_Data shown_
........
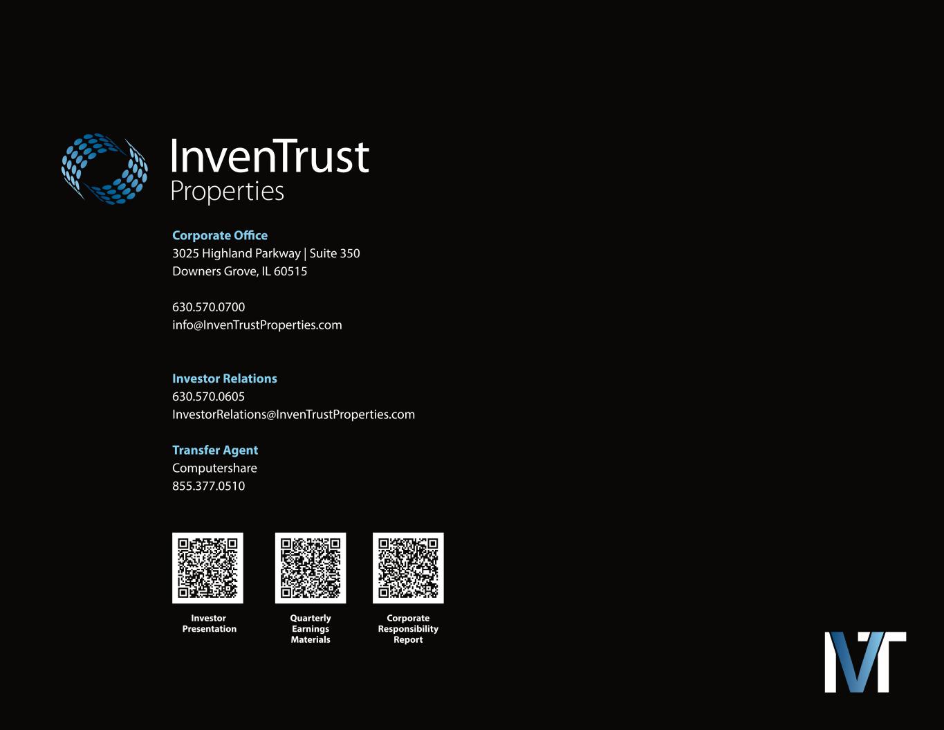 Corporate Office 3025 Highland Parkway | Suite 350 Downers Grove,IL 60515630.57 0.0700 info@inventTrustProperties.com投资者关系630.57 0.0605 InvestorRelations@inventTrustProperties.com转让代理Computershare 855.377.05 10投资者介绍季度收益材料企业责任报告
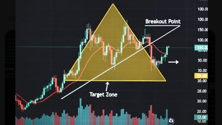 Exemplos recentes (final de 2025 – início de 2026) mostraram ETH em triângulos simétricos apertados perto das zonas de $2,500–$2,700, com analistas observando $3,400–$4,000+ se rompido, respaldado por alta atividade on-chain.
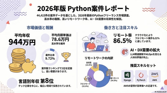 2026年最新のフリーランスの「Pythonエンジニア案件の調査レポート」を発表します。
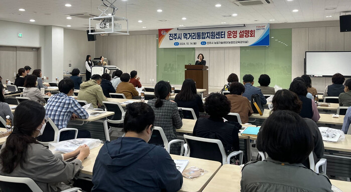 진주시는 14일 농업기술센터에서 진주교육지원청, 관내 학교장, 행정실장, 영양교사 140명을 대상으로 진주시 먹거리통합지원센터 운영 설명회를 가졌다.
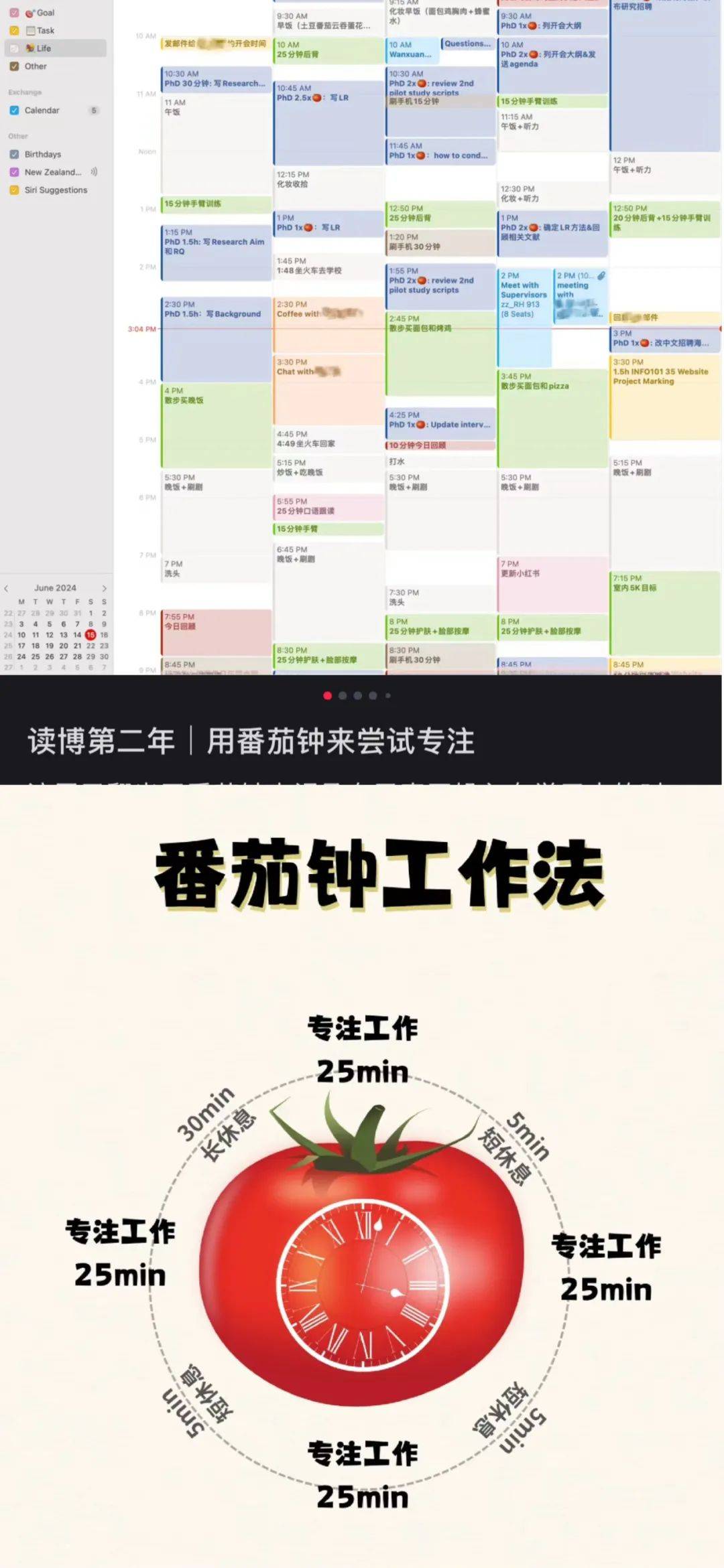 小红书上正在读博的网友分享关于番茄钟法的体验心得
........
_Task description_
Please transcribe, word for word, every line from the one containing "진주시는 14일 농업기술센터에서" through the last line of the records, both included, and leave the pictures out.

_Solution to the problem_
 진주시는 14일 농업기술센터에서 진주교육지원청, 관내 학교장, 행정실장, 영양교사 140명을 대상으로 진주시 먹거리통합지원센터 운영 설명회를 가졌다.
 小红书上正在读博的网友分享关于番茄钟法的体验心得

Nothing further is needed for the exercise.